Even though the Cardinals were at home, nothing could energize the Cardinals offense against Sánchez. He pitched a no-hitter for seven innings before surrendering a single to St. Louis right fielder Jose Martinez. This lone single would be the only hit of the night for the Cardinals, as they fell by a score of 0-2.

Then, the Cardinals had to face three-time Cy Young winner veteran pitcher Max Scherzer the next day in Game two. It would have been great if the Cardinals had a 1-0 lead in the series to act as a cushion for this challenge ahead.

However, the Nationals starting pitching has proven robust all season, and again this was not the right time for the Redbird bats to go cold. Scherzer pitched seven shutout innings, only surrendering one hit. The Cardinals would score one run in the bottom of the eigth off of Nationals reliever Sean Doolittle en route to a 1-3 loss. However, these runs were mainly due to an outfield misplay by Washington center fielder Michael A. Taylor.

This play wasn’t particularly tricky, and Taylor had plenty of time to get to the high line drive. Had he lined himself up correctly with the ball to record the third out, the narrative heading into Game three would have been worse for the Cardinals than it already was.

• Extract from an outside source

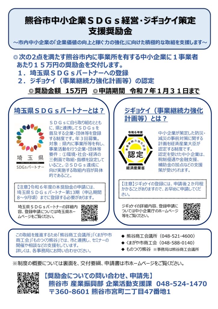 熊谷市中小企業SDGs経営・ジギョケイ策定支援奨励金のご案内

For Game three, the Cardinals had to go to Washington and face Nationals ace pitcher Stephen Strasburg. Entering this game, Strasburg had a postseason Earned Run Average (ERA) of 1.32.

He lowered that number. 

Pitching seven innings of one (unearned) run ball and lowering his playoff ERA to 1.05, Strasburg rolled through the Cardinals offense again. Striking out 12 batters, he joined the likes of Tom Seaver, Jim Palmer, Bob Gibson and Gerrit Cole as pitchers to record multiple 12+ strikeout games in the postseason.

And then, in Game four, the Cardinals would not be able to keep the series going and would fall by a score of 0-4. Washington managed to tack on a lot of runs in the first inning – seven in total. Nationals pitcher Patrick Corbin showed no mercy as well, recording ten strikeouts in just four innings. 

The Cardinals would finally get some offense generating in this series, tacking on four combined runs in the fourth and fifth innings. However, the seven runs scored in the first was all Washington needed to claim the National League Pennant. They punched their first ticket to the World Series in Nationals/Expos franchise history.

The Cardinals certainly deserved to make it this far into the postseason. They won 91 games in the regular season, had the second best team ERA in their league and won in the first round against the Braves, who won 97 games in a division with three other teams above .500.

The thing is, the Nationals starting pitching been quietly stellar the entire season. On May 23, they held a 19-31 record, were in fourth place in the National League East, and were seemingly at rock bottom.

In the tweet above, you can see that the Bullpen ERA for the Nationals was very high at 6.89 on this date, but the starting rotation ERA sat at 3.92, which was certainly not terrible. 

The Nationals got a hot streak and made the playoffs. The starting rotation core of Max Scherzer, Stephen Strasburg, Patrick Corbin and Aníbal Sánchez was undoubtedly bound to come up big for the Nats and was finally able to nullify their bullpen issues.

And that’s precisely what it did. It does not matter how shallow the Nationals bullpen is, as long as the Nationals have the starters to go the extra distance, they are a seemingly unstoppable team. This rotation will be the X-factor against their American League opponent in the Houston Astros. If the Nationals have to rely on their bullpen against a hard-slugging Houston team, there could be trouble.